(PROVIDED ENTRIES begins)

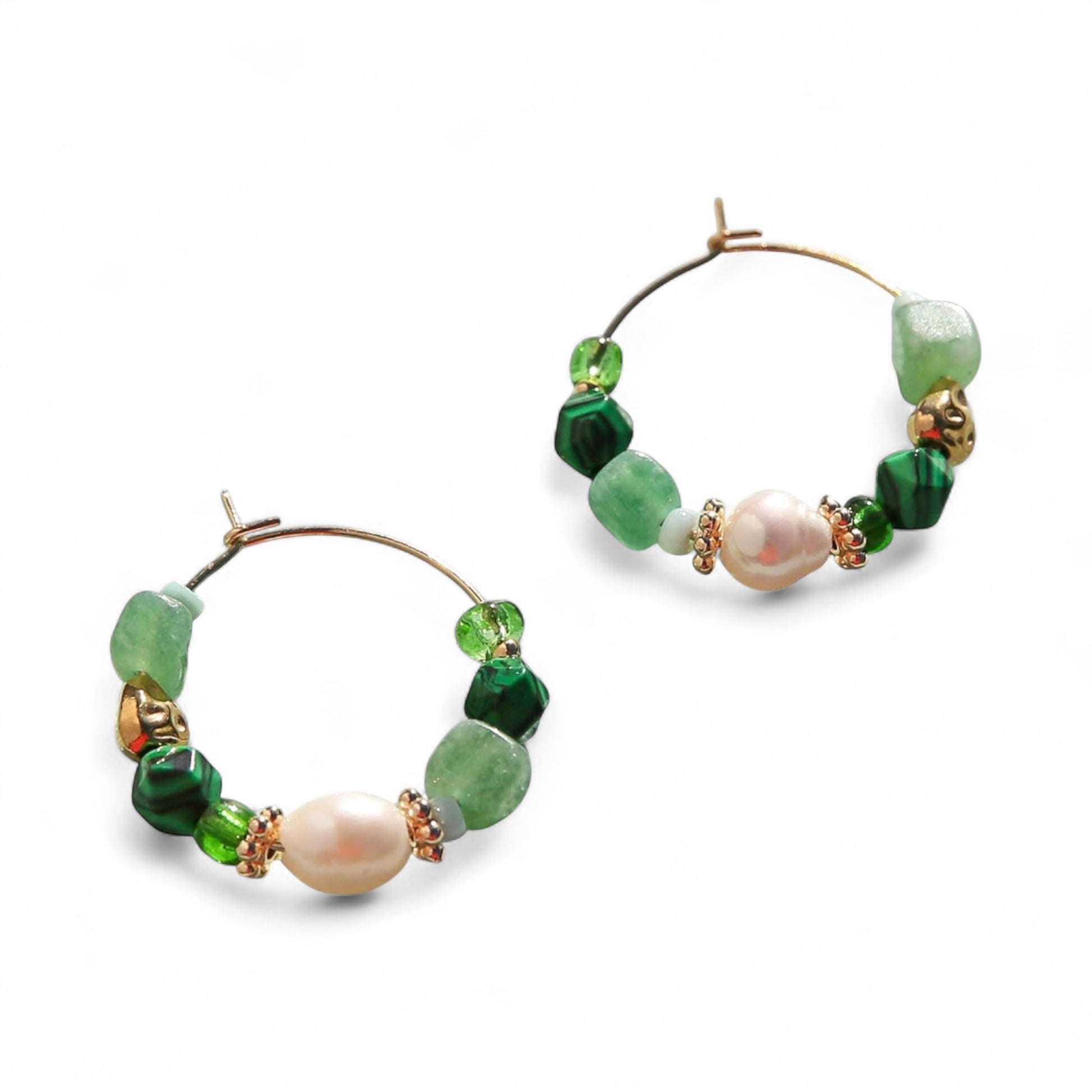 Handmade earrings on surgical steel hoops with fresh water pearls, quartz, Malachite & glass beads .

(PROVIDED ENTRIES ends)
(PROVIDED ENTRIES begins)

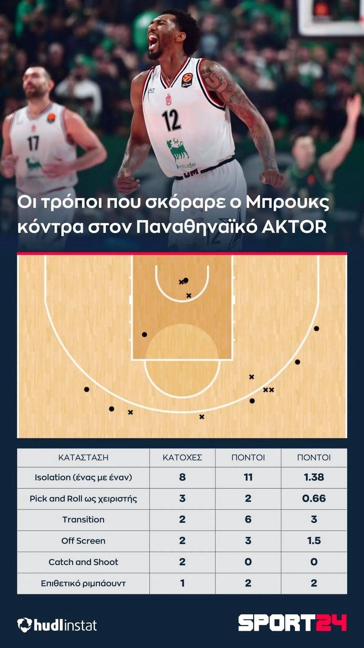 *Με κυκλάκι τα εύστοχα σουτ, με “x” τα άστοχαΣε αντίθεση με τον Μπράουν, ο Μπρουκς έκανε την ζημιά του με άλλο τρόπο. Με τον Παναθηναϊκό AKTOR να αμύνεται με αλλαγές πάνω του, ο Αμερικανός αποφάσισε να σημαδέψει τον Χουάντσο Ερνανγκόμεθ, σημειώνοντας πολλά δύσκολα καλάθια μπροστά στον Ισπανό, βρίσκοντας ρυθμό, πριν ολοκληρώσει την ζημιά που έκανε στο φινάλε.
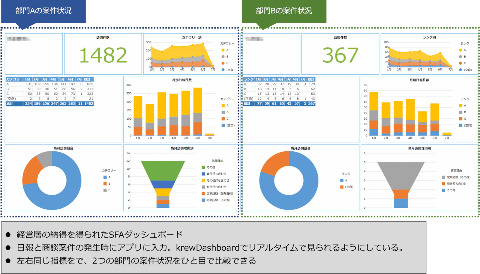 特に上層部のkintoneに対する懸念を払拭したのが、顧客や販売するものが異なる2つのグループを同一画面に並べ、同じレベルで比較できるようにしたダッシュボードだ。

(PROVIDED ENTRIES ends)

Set the pictures aside and retype exactly the lines above from the line with "έκανε στο φινάλε." to the line with "特に上層部のkintoneに", both included, adding no others.

__RESULT__
 *Με κυκλάκι τα εύστοχα σουτ, με “x” τα άστοχαΣε αντίθεση με τον Μπράουν, ο Μπρουκς έκανε την ζημιά του με άλλο τρόπο. Με τον Παναθηναϊκό AKTOR να αμύνεται με αλλαγές πάνω του, ο Αμερικανός αποφάσισε να σημαδέψει τον Χουάντσο Ερνανγκόμεθ, σημειώνοντας πολλά δύσκολα καλάθια μπροστά στον Ισπανό, βρίσκοντας ρυθμό, πριν ολοκληρώσει την ζημιά που έκανε στο φινάλε.
 特に上層部のkintoneに対する懸念を払拭したのが、顧客や販売するものが異なる2つのグループを同一画面に並べ、同じレベルで比較できるようにしたダッシュボードだ。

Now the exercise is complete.